#### ABOUT THIS EXERCISE:
In the records below, begin at the line containing "NWOT Excellent Condition." and end at the line containing "Camicia Donna Carhartt"; quote every line in that span exactly, including both boundary lines, and no others.

#### RECORDS:
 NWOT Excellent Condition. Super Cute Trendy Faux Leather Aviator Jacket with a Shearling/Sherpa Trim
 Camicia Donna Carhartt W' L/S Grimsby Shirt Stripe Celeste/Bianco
---
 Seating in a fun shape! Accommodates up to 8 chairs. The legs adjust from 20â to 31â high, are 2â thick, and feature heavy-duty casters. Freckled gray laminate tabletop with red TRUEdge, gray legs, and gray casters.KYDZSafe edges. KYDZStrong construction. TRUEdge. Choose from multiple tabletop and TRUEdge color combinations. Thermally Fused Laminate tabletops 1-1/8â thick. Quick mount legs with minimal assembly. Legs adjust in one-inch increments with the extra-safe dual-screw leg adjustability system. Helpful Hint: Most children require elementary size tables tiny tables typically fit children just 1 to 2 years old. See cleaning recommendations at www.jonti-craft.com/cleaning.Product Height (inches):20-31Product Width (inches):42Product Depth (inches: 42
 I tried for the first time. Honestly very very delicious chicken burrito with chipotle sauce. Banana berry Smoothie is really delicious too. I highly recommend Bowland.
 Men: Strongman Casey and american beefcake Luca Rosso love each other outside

#### ANSWER SPACE:
 NWOT Excellent Condition. Super Cute Trendy Faux Leather Aviator Jacket with a Shearling/Sherpa Trim
 Camicia Donna Carhartt W' L/S Grimsby Shirt Stripe Celeste/Bianco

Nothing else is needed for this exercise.